*** Opening of Supplied information ***
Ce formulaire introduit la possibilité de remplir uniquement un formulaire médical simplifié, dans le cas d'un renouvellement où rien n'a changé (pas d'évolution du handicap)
*** Close of Supplied information ***
*** Opening of Supplied information ***
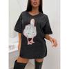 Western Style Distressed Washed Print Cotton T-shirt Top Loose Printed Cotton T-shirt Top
*** Close of Supplied information ***
*** Opening of Supplied information ***
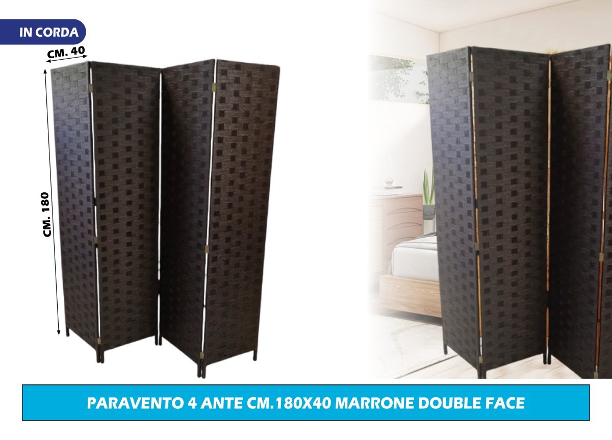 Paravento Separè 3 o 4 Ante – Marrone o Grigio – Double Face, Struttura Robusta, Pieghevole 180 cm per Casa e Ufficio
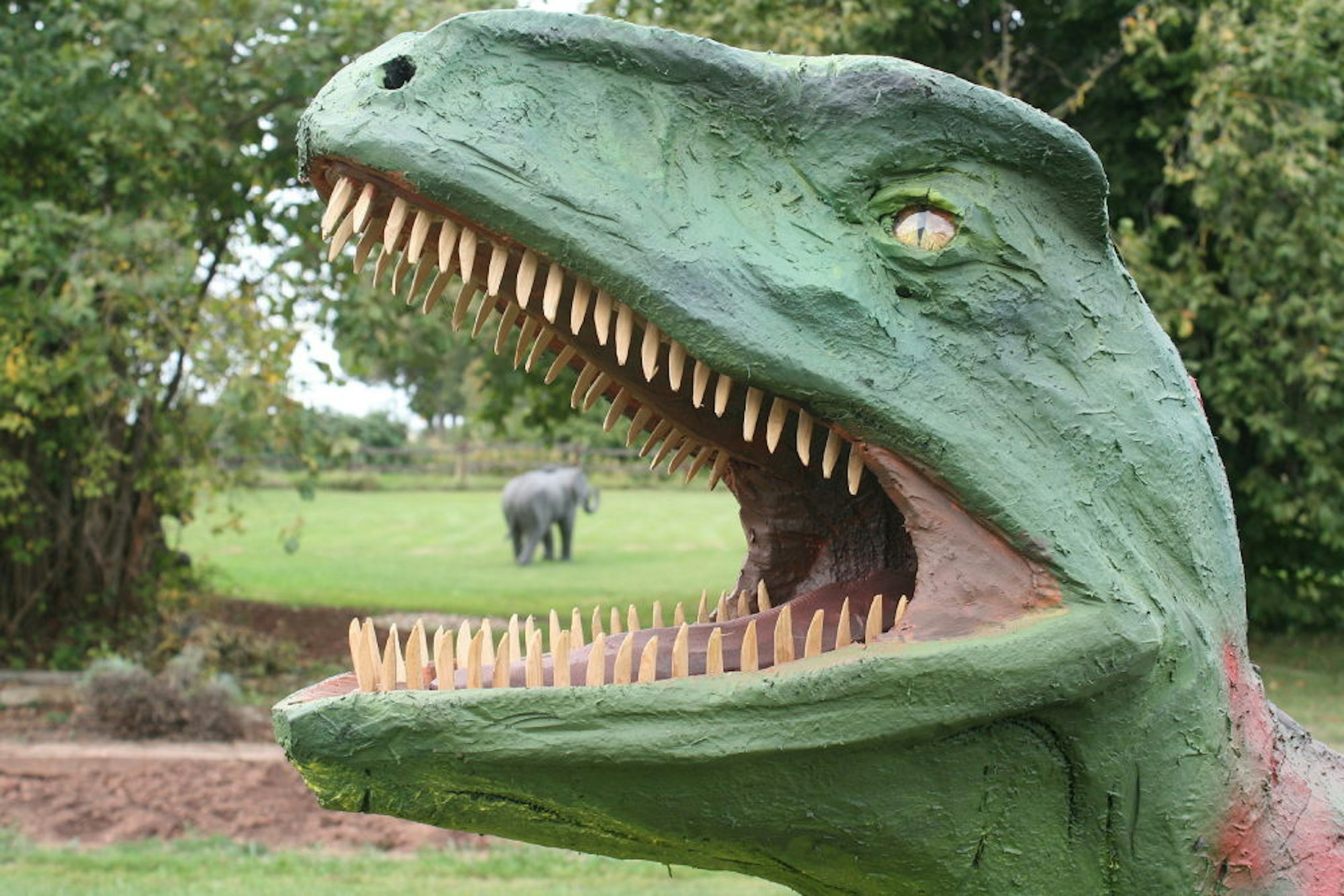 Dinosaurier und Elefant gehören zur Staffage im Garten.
*** Close of Supplied information ***
> What to produce:
The lines to set down run from the line with "Paravento Separè 3" up to and including the line with "Dinosaurier und Elefant" in the entries above. Reproduce them exactly, with no pictures.

> Problem solution:
 Paravento Separè 3 o 4 Ante – Marrone o Grigio – Double Face, Struttura Robusta, Pieghevole 180 cm per Casa e Ufficio
 Dinosaurier und Elefant gehören zur Staffage im Garten.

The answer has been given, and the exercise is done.